The Chiricahua Mountains, Arizona, 1861—where gold and guns made for a deadly mix.
Skye Fargo heard the Apaches before he saw them, which was unusual. Apaches were as silent as wraiths when they wanted to be and they nearly always wanted to be.
Fargo could move silently, too. A big man, broad of shoulder and narrow at the hips, he wore buckskins, as did most scouts, along with a white hat turned brown from dust and a red bandanna that had seen a lot of use.
He heard yips and instantly drew rein. Some people might mistake them for the yips of coyotes or even the cries of a female fox trying to attract a male but he knew better.
They were made by human throats.
Fargo was crossing the northern edge of the Chiricahua Mountains. He was to meet in less than a week with an army officer to the east of Apache Pass. So far he’d been able to avoid being spotted by the most feared warriors in all the Southwest.

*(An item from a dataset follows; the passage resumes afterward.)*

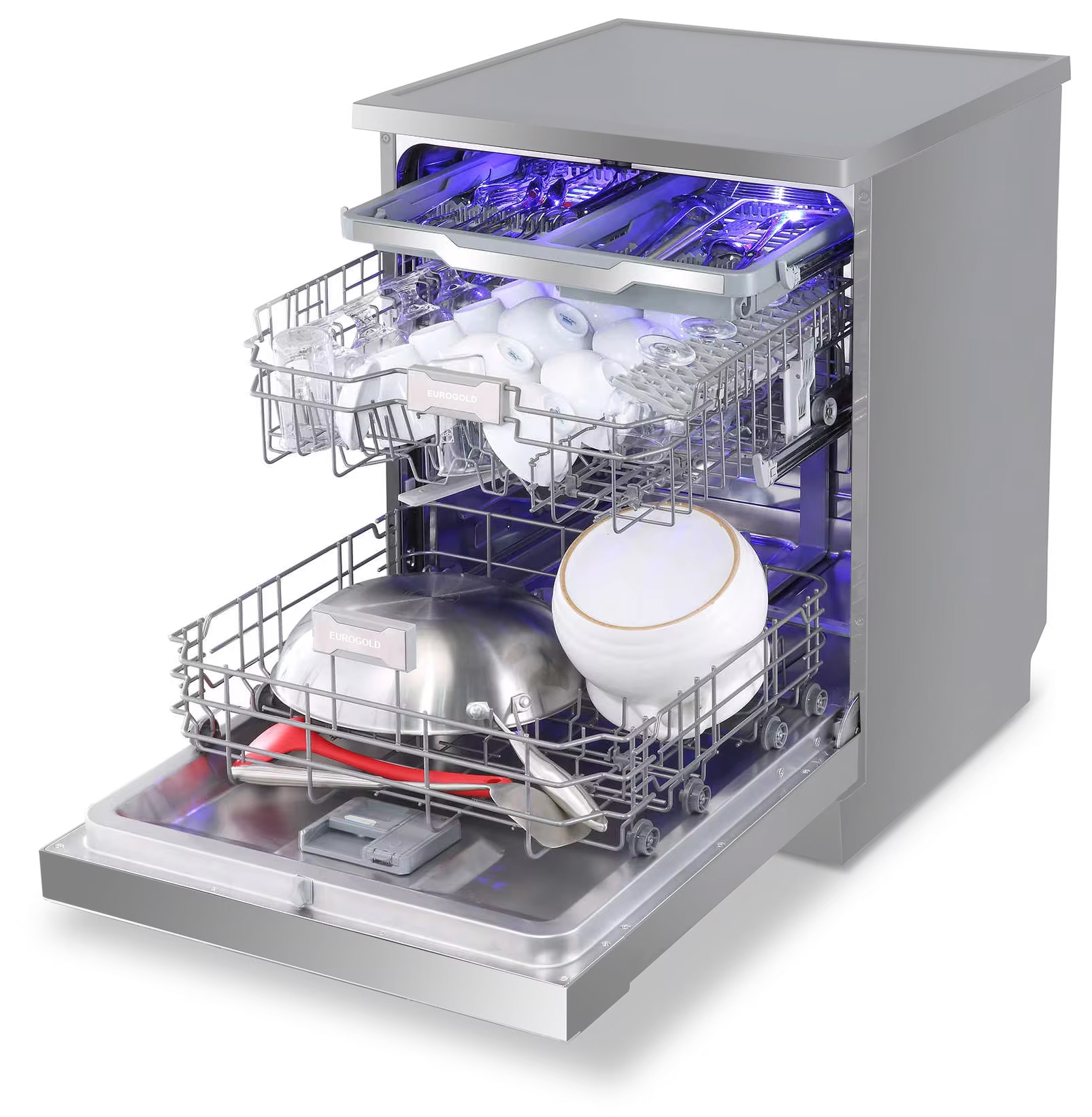 Máy rửa bát 15 bộ Eurogold EUW75TL15SV có nhiều điểm ấn tượng, độc đáo và mới lạ hơn so với nhiều loại máy rửa bát thông thường. Chất liệu của máy là thép không gỉ, bền chắc, toàn thể máy sử dụng tông màu bạc bóng sạch, đẹp tạo cảm giác sang trọng và hiện đại.

The yips were repeated. They came from over a rise to Fargo’s left. Common sense told him to ride on. But then he heard a cry of pain and he palmed his Colt and rode up the rock-and-boulder-strewn slope to just shy of the crest.
Dismounting, he flattened and crawled the last few yards and poked his head up for a look-see.
There were four of them. Stocky, muscular, bronzed, they wore breechclouts and headbands and the knee-high moccasins for which Apaches were noted. They were Chiricahuas. Only one had a rifle. The others had bows. They were smiling and enjoying themselves, as well they should be, since they were doing what Apaches liked to do just about more than anything; they were torturing an enemy.
In this instance it was a white man. His shabby clothes, the pack mule tied nearby, marked him as a prospector. An ore hound who had been brave enough, or stupid enough, to dare the haunts of the Apache in his search for gold and silver. And they had caught him.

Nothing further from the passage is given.